Disturbed at the growing menace of drug abuse among children, the Delhi High Court has directed the police to enforce Section 77 of the Juvenile Justice (JJ) Act, 2015 which provides for punishment to anyone giving intoxicating liquor/ drugs to children by treating thinners, whiteners, correction fluids, vulcanising solutions/ sulochans as “intoxicating liquor”.
A bench of Justice Vipin Sanghi and Justice PS Teji directed that the police shall enforce Section 77 of the Juvenile Justice (Care and Protection) Act, 2015 keeping in view the March 20, 2017 order of the Juvenile Justice Board (JJB) wherein the expression “intoxicating liquor” has been widely interpreted to include whiteners, thinners etc.
“… Keeping in view the purpose and object with which Section 77 of the Juvenile Justice Act has been enacted and considering the fact that the consumption of such like substances/ intoxicating liquid (thinners etc) by children is with the object of deriving the effect of intoxication and the children are not likely to be aware of the harmful effects of liquid that they may consume and also the fact that the same may not actually be a beverage, we are prima facie of the opinion that such like substances should be treated as intoxicating liquor within the meaning of Section 77 of Juvenile Justice Act,” the bench ordered.
The court so ordered after the Delhi government’s senior standing counsel Rahul Mehra brought to court’s attention the order passed by the JJB last year by which the term intoxicating liquor was given wide interpretation in keeping with the ground realities.
Mehra submitted that the expression intoxicating liquor needs to be interpreted widely to include not just the traditionally understood liquors which are consumed as alcoholic beverages, but also other liquids/ fluids which have the effect of intoxication and which may not be beverages per se.

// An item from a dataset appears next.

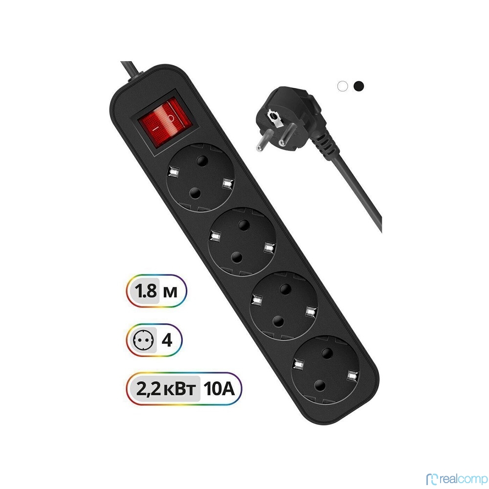 Defender Удлинитель G418 1.8 м, 4 розетки [99337] выключатель, с заземлением

Section 77 of JJ Act, 2015 states, “Whoever gives, or causes to be given, to any child any intoxicating liquor or any narcotic drug or tobacco products or psychotropic substance, except on the order of a duly qualified medical practitioner, shall be punishable with rigorous imprisonment for a term which may extend to seven years and shall also be liable to a fine which may extend up to one lakh rupees”.
No sale of whiteners etc., to children below 18
The court was informed that the Delhi government had on July 28, 2017, issued a notification directing a mandatory warning to be put on application devise (pens or otherwise) of correction fluids/ thinner and vulcanised solutions regarding the effects on health on inhalation of vapour/ consumption of chemical contained therein.

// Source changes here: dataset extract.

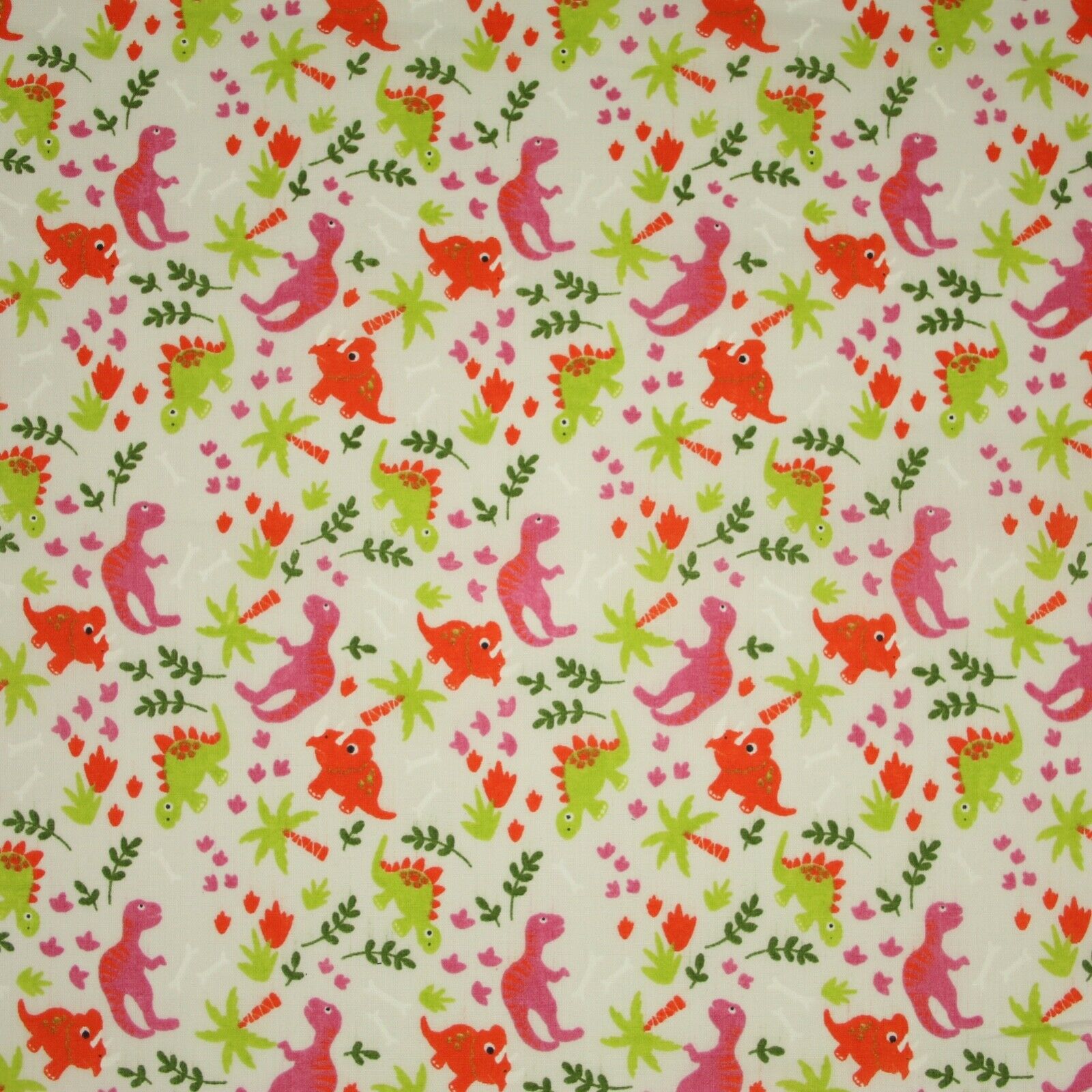 White Colourful Dinosaur Dino Printed Poly Cotton Fabric Polycotton Mask 45"3790

Mehra also informed the court that the chief secretary was directed to issue appropriate instructions by way of notification, circular or otherwise banning the sale of correction fluids, whiteners, thinners etc to children below the age of 18 years unless the child is accompanied by parents/ guardians or has a letter from the school authorities signifying assent to purchase of the same.
Multi-pronged strategy to curb drug menace, missing minors
The bench said so during the hearing in a petition moved by rag picker Aasha seeking production of her two minor daughters – aged eight and ten – who went missing from West Delhi’s Aman Vihar area.

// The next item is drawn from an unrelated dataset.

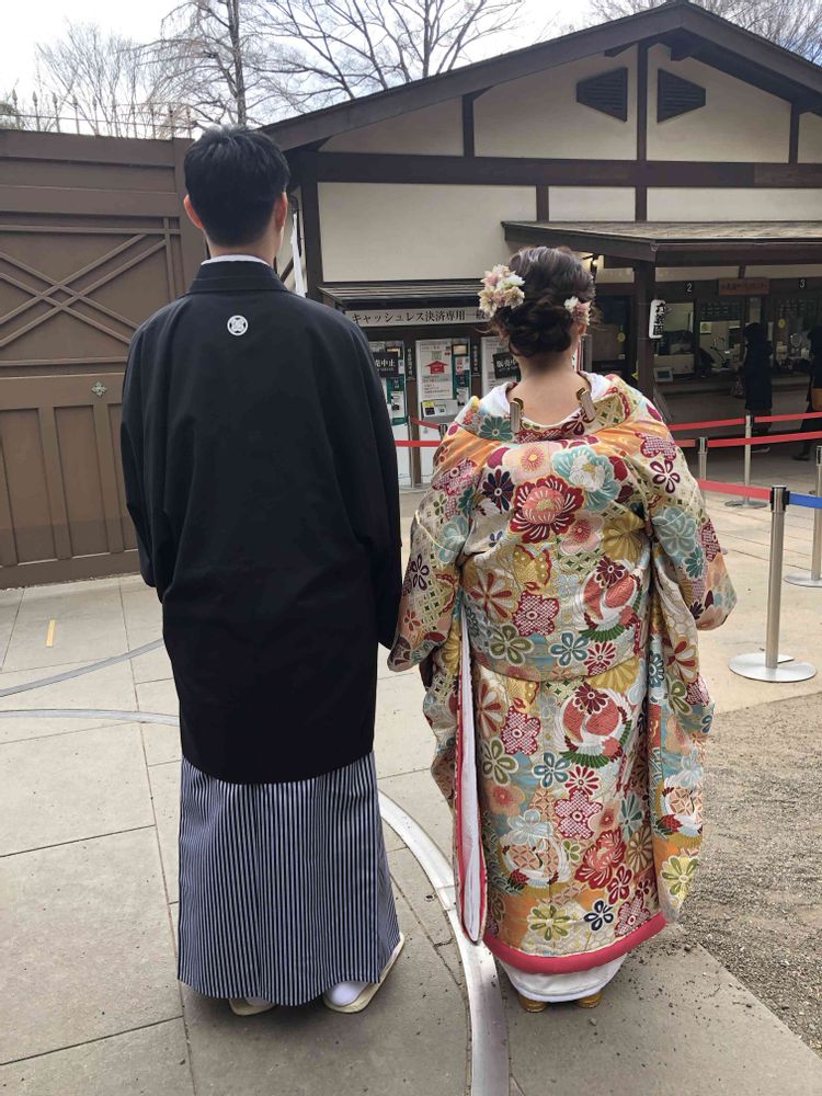 花嫁衣装でこれから撮影のようです。後ろ姿を撮らせていただきました。おめでとうございます😄

The police had hinted at a child trafficking racket and the menace of substance abuse.
The court also noted that a special investigating team was in the process of being constituted to look into the aspect of a large number of children going missing from the Aman Vihar area.
“The steps taken thus far need to be redoubled. The problem of minor children going missing is a very serious one. Since some of the suspects have been identified who are engaged in human trafficking, we expect the SIT to undertake more rigorous exercise and recover the missing children not just in the present case but even in other cases,” it ordered.
Meanwhile, the Delhi Police filed a compliance report setting out the steps that are contemplated to be taken to deal with the menace of drug abuse in Delhi.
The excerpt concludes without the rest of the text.